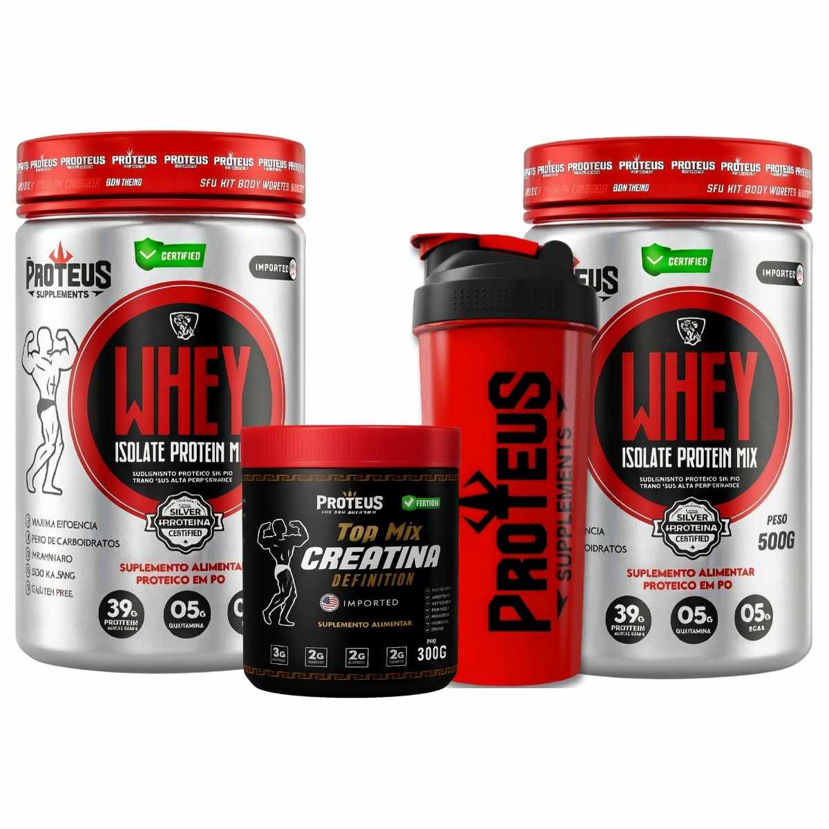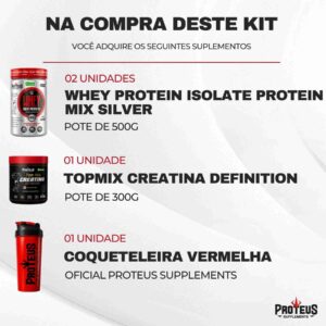 Whey Protein Silver Isolado + Top Mix Creatina Definition + Coqueteleira
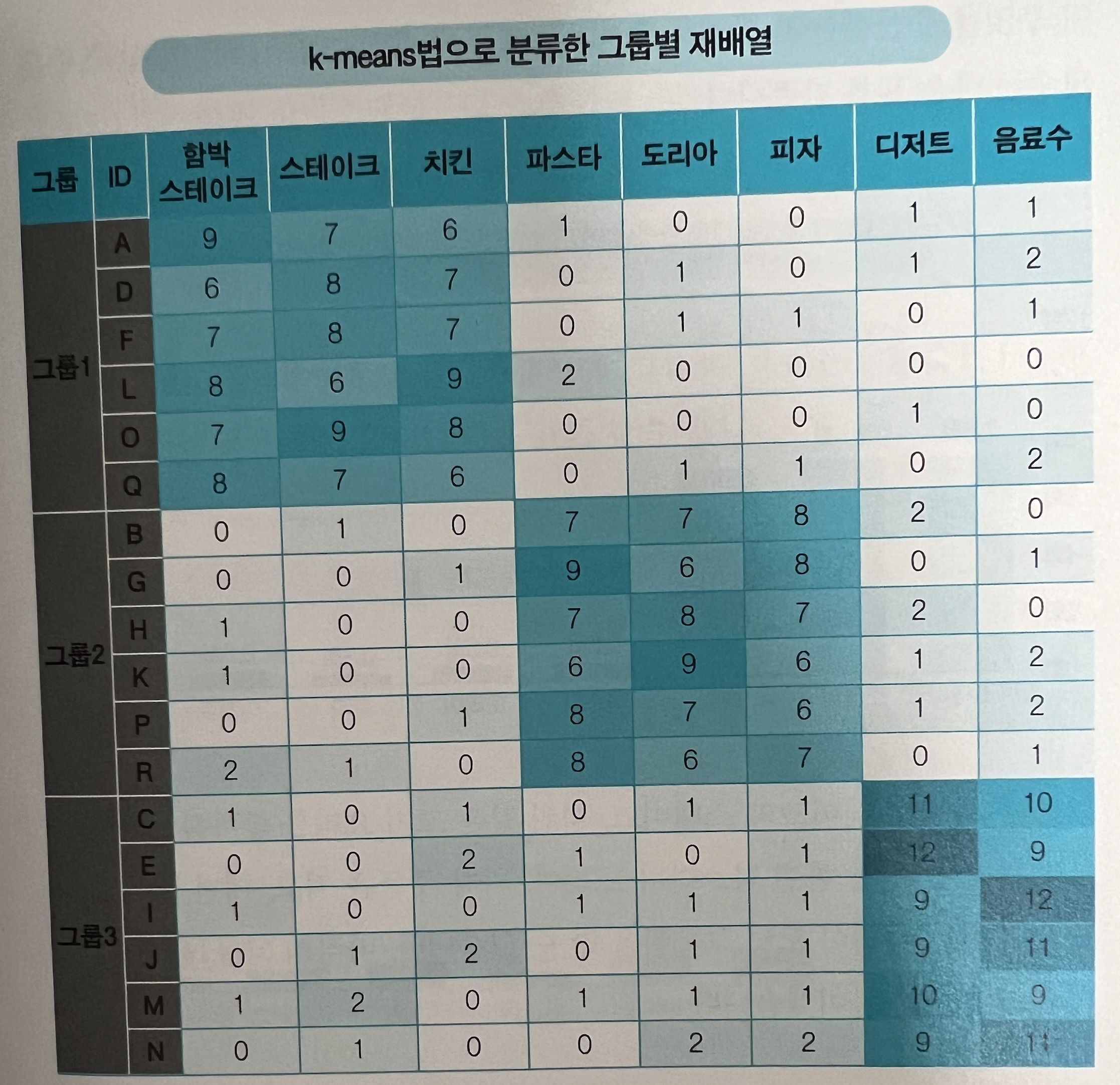 각 그룹이 좋아하는 음식에 관련된 쿠폰을 지급하는 것이 홍보 효과를 좀 더 극대화 하는 방법일 것이다. 이처럼 데이터를 그룹핑 함으로써 후속 대책에 대해서 좀 더 효율적으로 세울 수 있다.
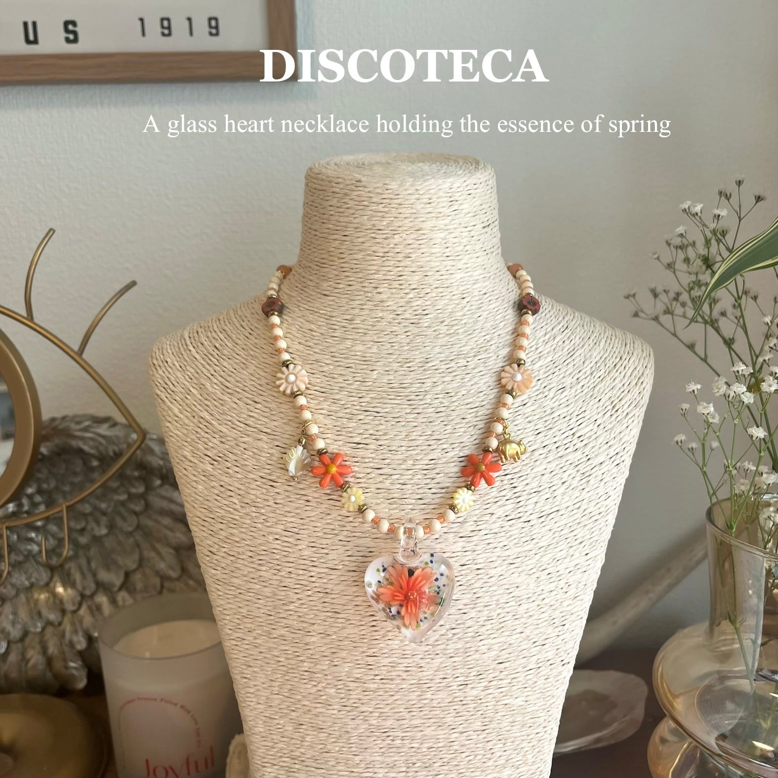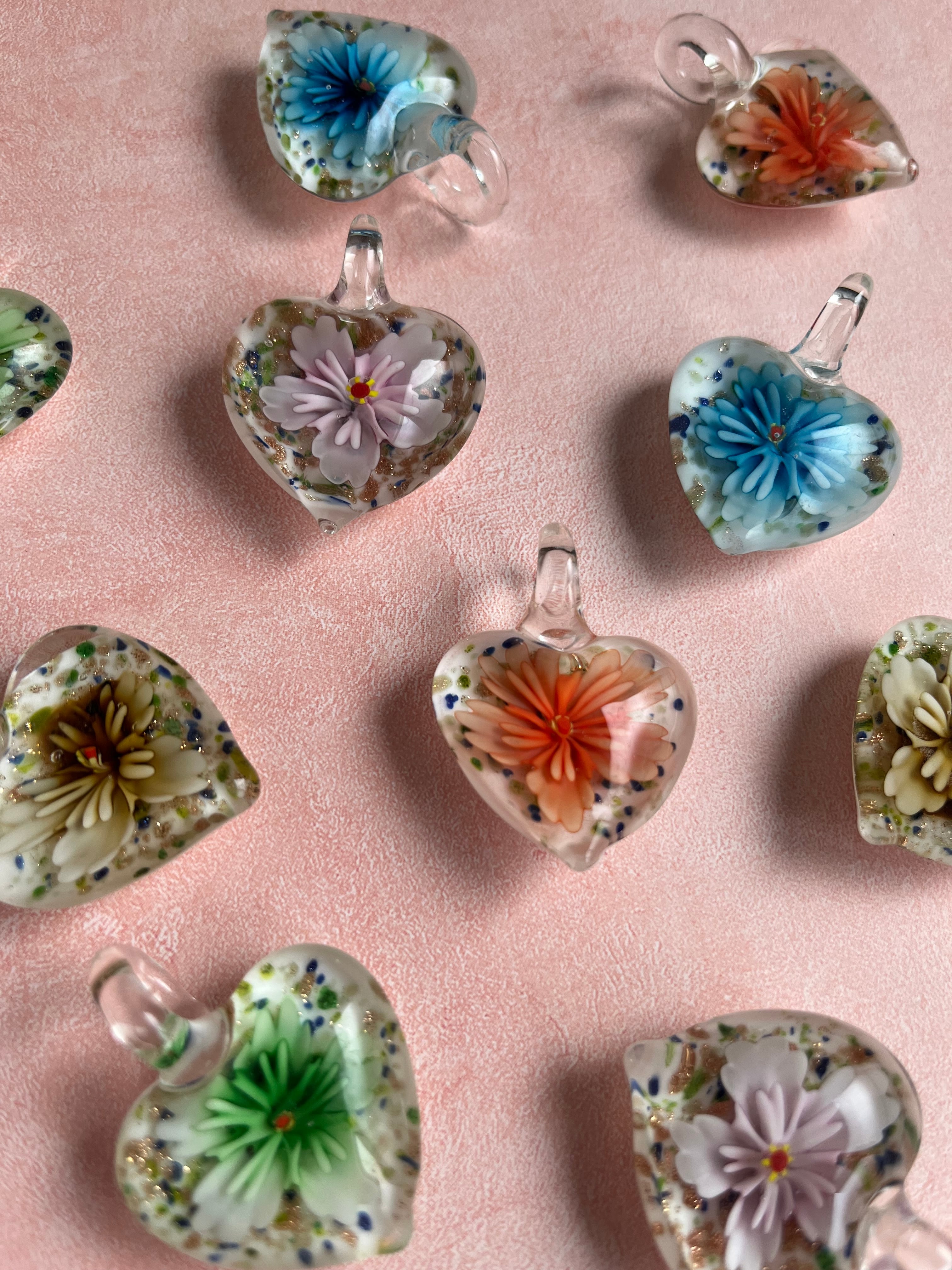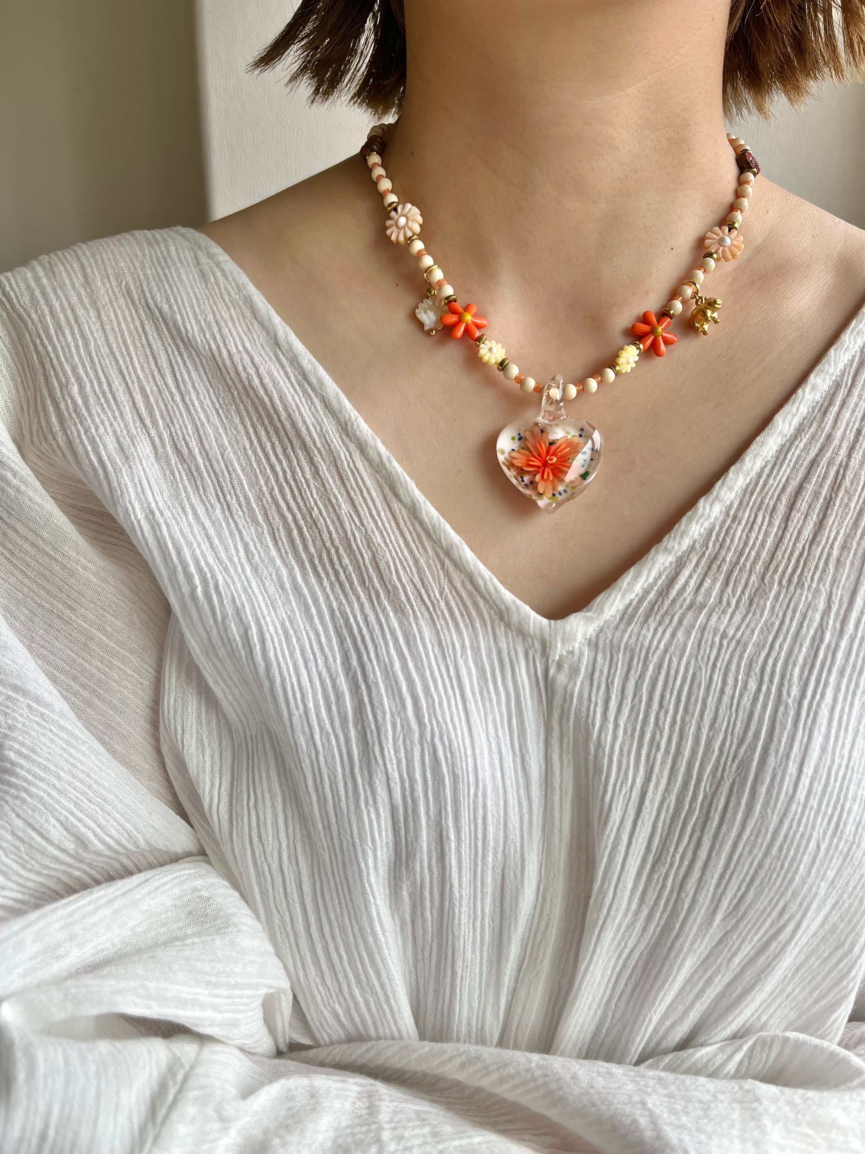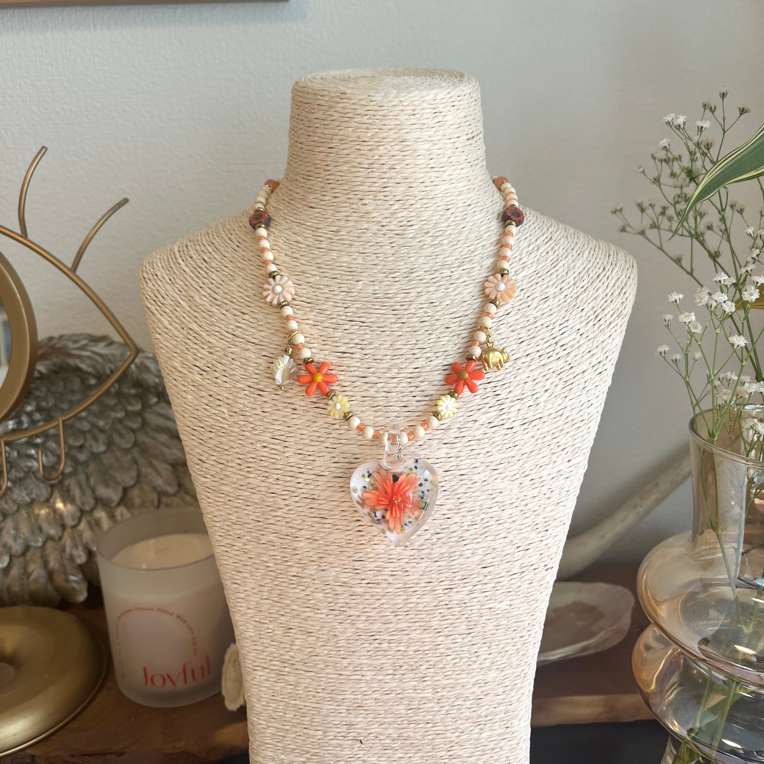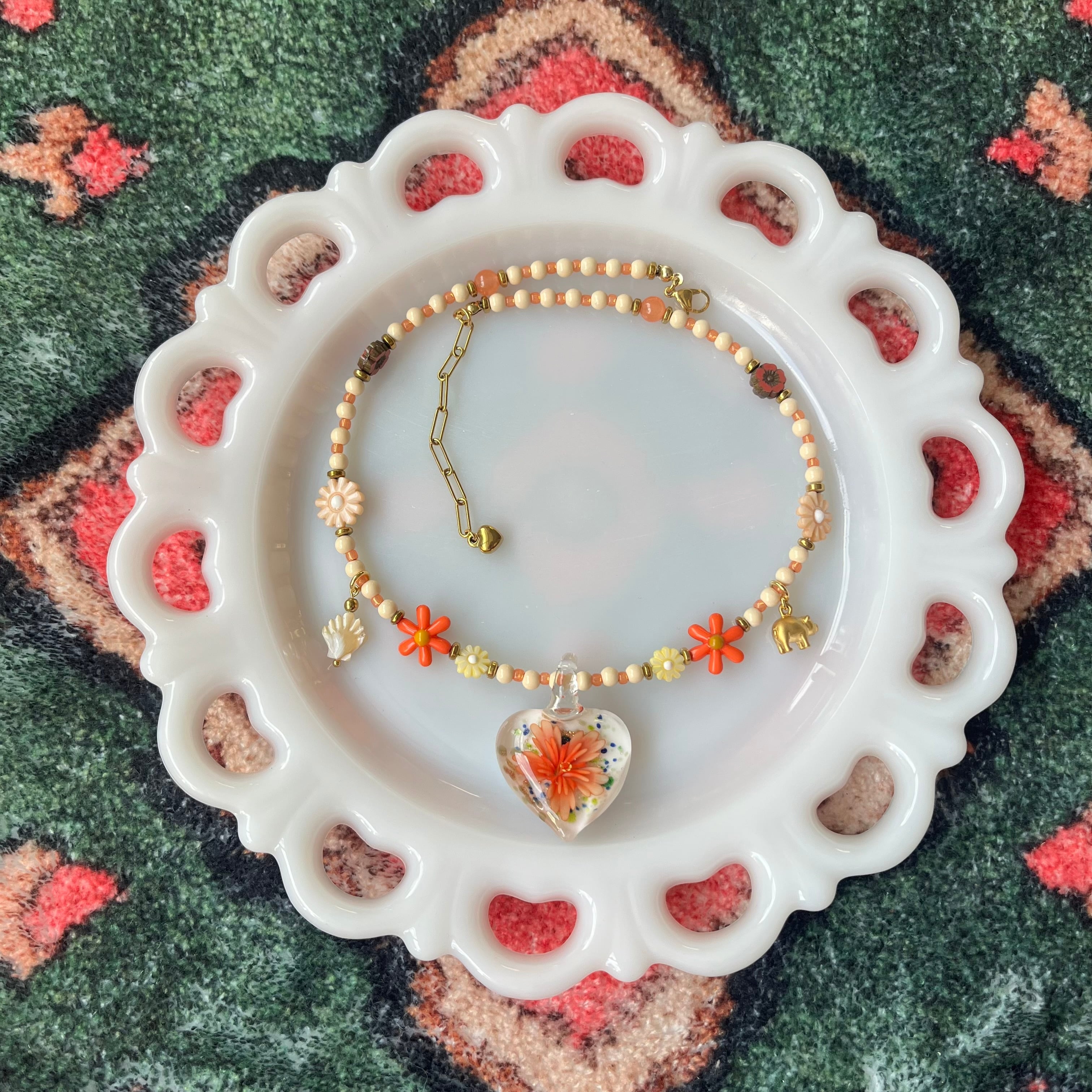 Glass Heart Floral Necklace or
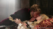 Спящая красавица с шикарным телом не смогла остановиться на одном лишь поцелуе и начала сосать принцу. Цыпочка в платье хорошенько поработала ртом, но на этом не остановилась. Закончив с минетом и насладившись ответным куни, блондиночка отдалась в мокрую и волосатую киску, от чего в итоге и кончила.
========================================================================
> [Problem]: The data above is to be printed exactly, all of it, except for the pictures.

> [Response for this exercise]:
 Whey Protein Silver Isolado + Top Mix Creatina Definition + Coqueteleira
 각 그룹이 좋아하는 음식에 관련된 쿠폰을 지급하는 것이 홍보 효과를 좀 더 극대화 하는 방법일 것이다. 이처럼 데이터를 그룹핑 함으로써 후속 대책에 대해서 좀 더 효율적으로 세울 수 있다.
 Glass Heart Floral Necklace or
 Спящая красавица с шикарным телом не смогла остановиться на одном лишь поцелуе и начала сосать принцу. Цыпочка в платье хорошенько поработала ртом, но на этом не остановилась. Закончив с минетом и насладившись ответным куни, блондиночка отдалась в мокрую и волосатую киску, от чего в итоге и кончила.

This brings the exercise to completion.